Liquidity and Capital Resources
Net cash used in operating activities of $47.7 million during the first quarter of fiscal 2003 was primarily attributable to income from operations of $35.1 million combined with a decrease in accounts receivable offset by an increase in inventories and prepaid and other assets.
Net cash used in investing activities of $10.1 million during the first three months of fiscal 2003 was attributable to the continuing investment related to the expansion of the Company’s management information systems, office facilities and equipment for its logistics centers. The Company expects to make capital expenditures of approximately $75.0 million during fiscal 2003 to further expand or upgrade its information technology (“IT”) systems, logistics centers and office facilities. Tech Data continues to make significant investments to implement new IT systems and upgrade its existing IT infrastructure in order to meet its changing business requirements. These implementations and upgrades occur at various levels throughout the Company and include, but are not limited to, new operating and enterprise systems, financial systems, web technologies, customer relationship management systems and telecommunications. While the Company believes it will realize increased operating efficiencies as a result of these investments, unforeseen circumstances or complexities could have an adverse impact on the Company’s business.
Net cash provided by financing activities of $10.2 million during the first three months of fiscal 2003 reflects the proceeds received of $26.7 million from stock option exercises, benefit plans and purchases made through the Company’s Employee Stock Purchase Plan, offset by net repayments on the Company’s revolving credit loans of $16.2 million and principal payments on long-term debt of $0.3 million.

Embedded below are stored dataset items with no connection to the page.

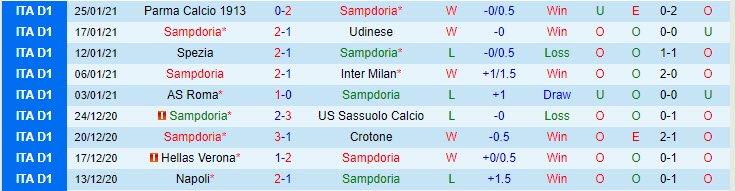+ Thống kê 10 trận gần nhất của Sampdoria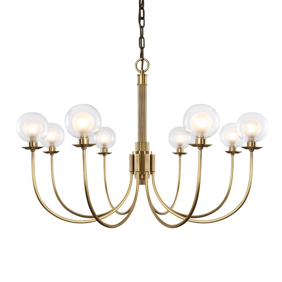Lámpara de araña decorativa de diseño personalizado en cobre con 8 bolas de vidrio redondas, minimalista, con iluminación LED.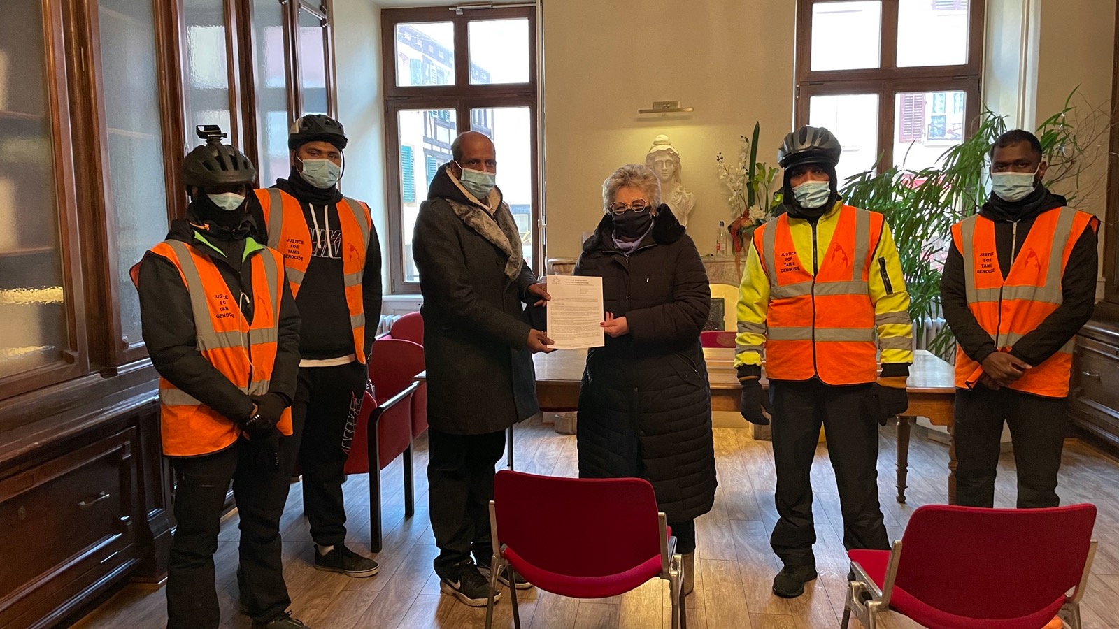 இன்று 16.02.2021 , Phalsbourg மாநகரசபையில் இருந்து மனித நேய ஈருருளிப்பயணம் தாயகத்திற்காக தம் இன்னுயிரை ஈந்தவர்களுக்கான அகவணக்கத்தோடு ஆரம்பமானது. அகவணக்கத்தில் Phalsbourg மாநகரசபை முதல்வரும் கலந்து கொண்டார். பின்னர் எமது கோரிக்கை அடங்கிய மனுவும் கையளிக்கப்பட்டது. தொடர்ச்சியாக மனித நேய ஈருருளிப்பயணம் Savren மாநகரசபையினை நோக்கி காவற்துறையின் வழித்துணையுடன் விரைந்தது. அங்கே உதவி முதல்வரினையும் சந்தித்து இக்கால கட்டத்தில் எமது இலக்கின் முக்கியத்துவம் என்ன என்பது பற்றியும் தமிழின அழிப்பிற்கு அனைத்துலக சுயாதீன விசாரணை அவசியம் என்பதனையும் அதற்காக பிரான்சு நாடு குரல் கொடுக்க வேண்டும் என கோரிக்கை மனு கையளிக்கப்பட்டது. அத்தோடு தொடர்ச்சியாகவே எமது அறவழிபோராட்டத்தினை சீர்தூக்கும் Savern மாநகரசபை இம்முறையும் தமிழ் மக்களுக்கு நியாயமான தீர்வு கிடைக்க வேண்டும் எனவும் அது தமிழின அழிப்பிற்கு அனைத்துலக சுயாதீன விசாரணையும், சுதந்திர தமிழீழ தேசம் தான் என நிச்சயம் பிரான்சு வெளிவிவகாரத்துறைக்கும் அரச அதிபருக்கும் வலியுறுத்துவோம் என வாக்குறுதி தரப்பட்டது.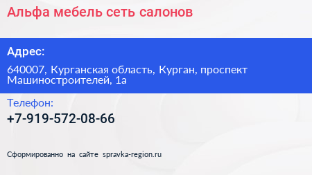 Альфа мебель, сеть салонов по адресу 640007, Курганская область, Курган, проспект Машиностроителей, 1а в дальнейшем Организация, размещена в следующих категориях:
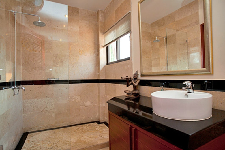 All four bathrooms are connected to a bedroom for the convenience of villa dwellers and they all consist of showers, toilets, and sinks.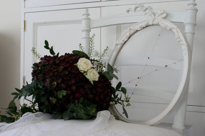Le joli cadre délicatement sculpté, nous a inspiré un décor tout en légèreté: plumetis et pois nacrés.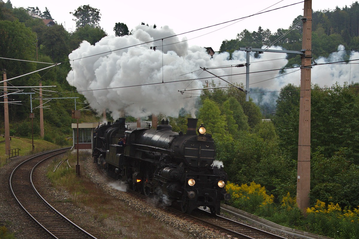Der Sonderzug SR 17085 mit der 310.23 vorne und 109.13 dahinter im Gleisbogen bei Klamm-Schottwien. (17.09.2016)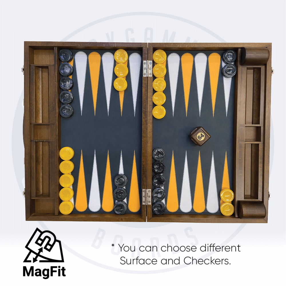 Surface Material: Specially produced FM fabric that provides unique satisfaction for the checker glide and dice movements.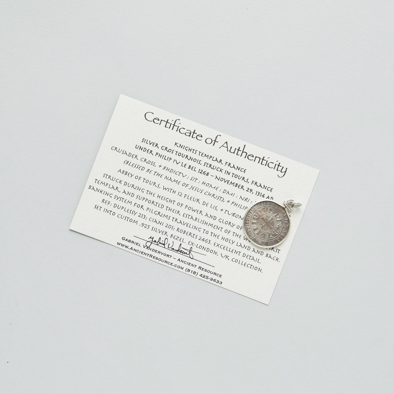 This bezeled coin is a Knights Templar France Philip IV Le Bel, minted at Tours between 1304 and 1307 AD. It features a border of twelve fleur-de-lis.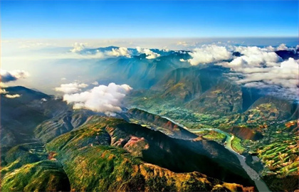 空中俯瞰怒江大峽谷,如夢如幻。這是世界上最神秘的的峽谷之一。這里有壯觀的大峽谷,激越的大江,潔白的雪山,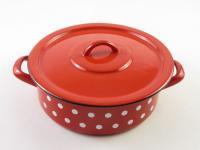 Bonyhádi pöttyös zománcozott lábas + fedő 22 cm Tulajdonságok: Az edény kívül-belül zománc bevonatos. Űrtartalma: 2,75 literes Belső átmérője: 22 cm Külső átmérője: 24 cm Lábas színe: kívül piros alapon fehér pöttyös Fedő színe: fehér, piros Mosogatógépben mosható.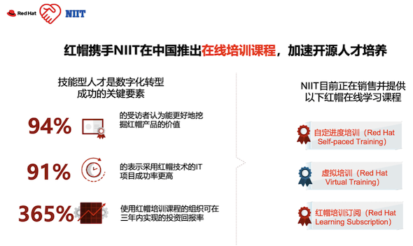 今年红帽还正式宣布与NIIT合作,并已于3月1日起在中国提供红帽培训课程。中国企业和IT专业人士现在可以访问NIIT的RedHat.Training-China.com平台购买并获取红帽培训在线学习课程,打造涵盖云计算、容器、虚拟化和自动化等红帽解决方案关键领域的技能。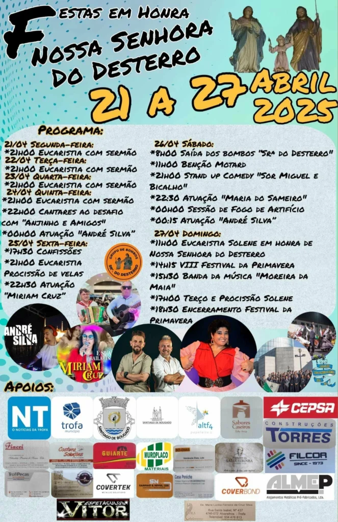 Começam hoje as tradicionais Festas em Honra de Nossa Senhora do Desterro, uma das celebrações religiosas e culturais mais emblemáticas da freguesia de Santiago de Bougado. As festividades prolongam-se até ao próximo domingo, dia 27 de abril, prometendo uma semana recheada de fé, animação e convívio.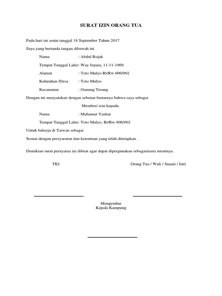 Keberatan apabila anak saya bekerja di bank negara . Yang bertanda tangan dibawah ini saya : 1 pengertian surat ijin orang . Banda aceh, 25 juli 2015 hormat saya, (ismaili) surat izin orang tua yang bertanda tangan di bawah ini : Dengan ini, saya akan memberikan izin kepada anak saya mahasiswa tersebut diatas untuk mengikuti kuliah kerja nyata (kkn) universitas islam indonesia (uii) . Apakah kamu sedang mencari form surat pernyataan izin orangtua sebagai syarat melamar kerja di perusahaan? Surat pernyataan izin orang tua. Yang bertanda tangan dibawah ini :. Disini saya akan berikan beberapa contoh surat izin yang bisa anda jadikan bahan referensi sesuai keperluan anda. Selain sakit, urusan keluarga seperti ada anggota keluarga yang menikah, . Contoh surat pernyataan orang tua setiap anak . Alasannya pun berbagai macam, misalnya sakit, menghadiri acara keluarga, menikah, dan lain sebagainya. Untuk bekerja di jepang sebagai nurse/careworker di institusi penerima sesuai dengan persyaratan dan ketentuan yang telah ditetapkan.

The Company currently maintains a $520.0 million revolving credit facility with a syndicate of banks which expires in May 2003. The Company pays interest under this revolving credit facility at the applicable eurocurrency rate plus a margin based on the Company’s credit ratings. Additionally, the Company currently maintains a $500.0 million (reduced from $700.0 million at April 30, 2002) Receivables Securitization Program with a syndicate of banks expiring in May 2003. The Company pays interest on the Receivables Securitization Program at designated commercial paper rates plus an agreed-upon margin. In addition to these credit facilities, the Company maintains other lines of credit and overdraft facilities totaling approximately $645.0 million.
The aforementioned credit facilities currently total approximately $1.7 billion, of which $74.0 million was outstanding at April 30, 2002. These credit facilities contain covenants that must be complied with on a continuous basis, including the maintenance of certain financial ratios, restrictions on payment of dividends and restrictions on the amount of common stock that may be repurchased annually. The Company was in compliance with all such covenants as of April 30, 2002.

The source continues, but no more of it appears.